I assume you are using Python's email package? It should handle images just fine. If you need to decode the image yourself, you need to have a look at the encoding, in this case base64. There is a module for encoding and decoding base64 in the stdlib, too.

As for the mapping, just get the Content-Id header from the images, create a dict that maps content ids to mime parts. To resolve the URLs in src, check if they start with 'cid:' (i.e. resolve to an internal mime document), strip off the prefix and look them up in the dictionary you created before.

Community
  • 1
  • 1
Torsten Marek
  • 83,780
  • 21
  • 91
  • 98
  • thanks for your reply.
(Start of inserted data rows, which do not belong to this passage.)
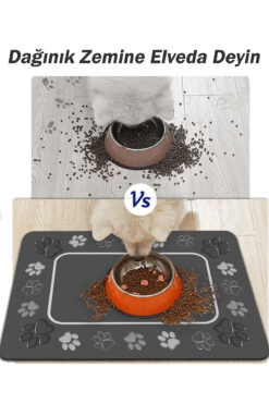 AsMat Paw Evcil Hayvan Besleme Matı Pati Figürlü Kaymaz KolayTemizlenir Su İtici Kedi Köpek Mama Mat/Paspası
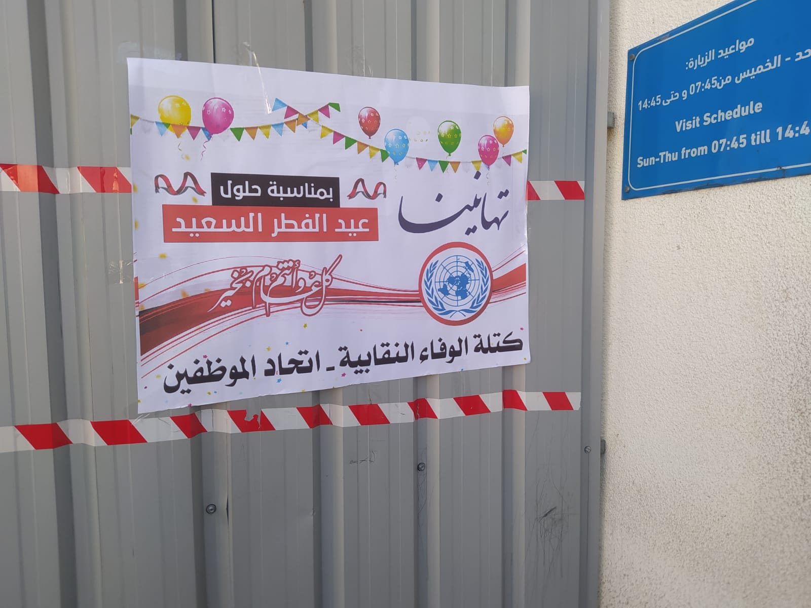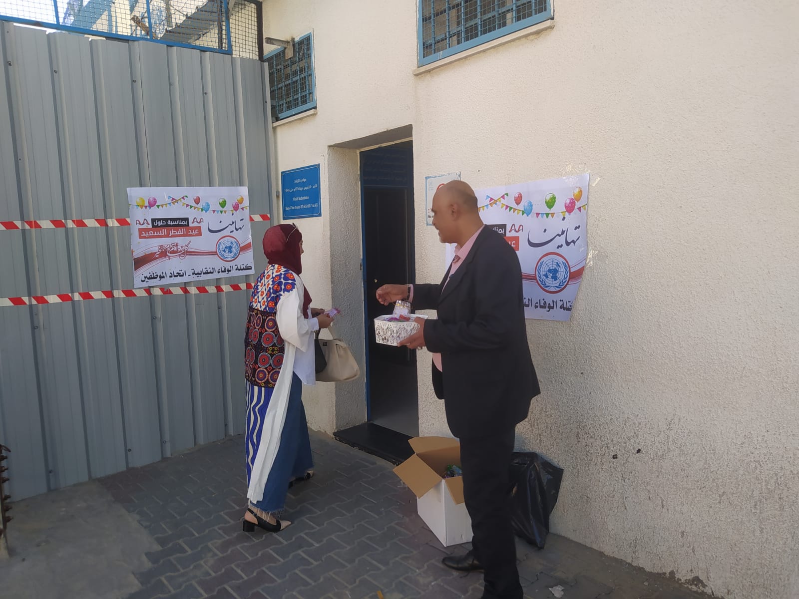 نفذت كتلة الوفاء النقابية استقبال معايدة عيد لموظفي الأونروا في المقر الرئيسي بغزة ،
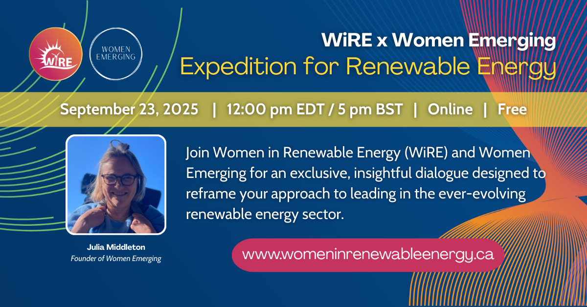 Join Women in Renewable Energy (WiRE) and Women Emerging for an exclusive, insightful dialogue designed to reframe your approach to leading in the ever-evolving renewable energy sector.
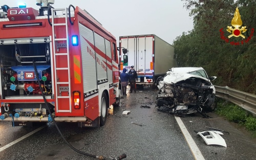 Scontro sulla Statale 106 tra un autocarro e un'auto andata distrutta. Intervento dei Vigili del Fuoco. Questo pomeriggio, alle ore 14.55, una squadra dei vigili del fuoco del

Yes, I am using email package. I do not have issues in decoding and reading the base64 content. I have done that for attachments. The issue is in parsing and mapping the content with cid part. – Ankit Jaiswal Dec 02 '10 at 07:12
  • What do you mean by parsing? The content ID does not carry any meaning apart from identy, it's just chosen to be unique within the document. – Torsten Marek Dec 02 '10 at 07:21
  • parsing means my code is working fine for all types of emails except the emails with inline or embedded images. It shows all the contents I posted in the question into the body of the email. – Ankit Jaiswal Dec 02 '10 at 15:34
2

Fixed the issue by checking the Content-Disposition value and cid in the contents.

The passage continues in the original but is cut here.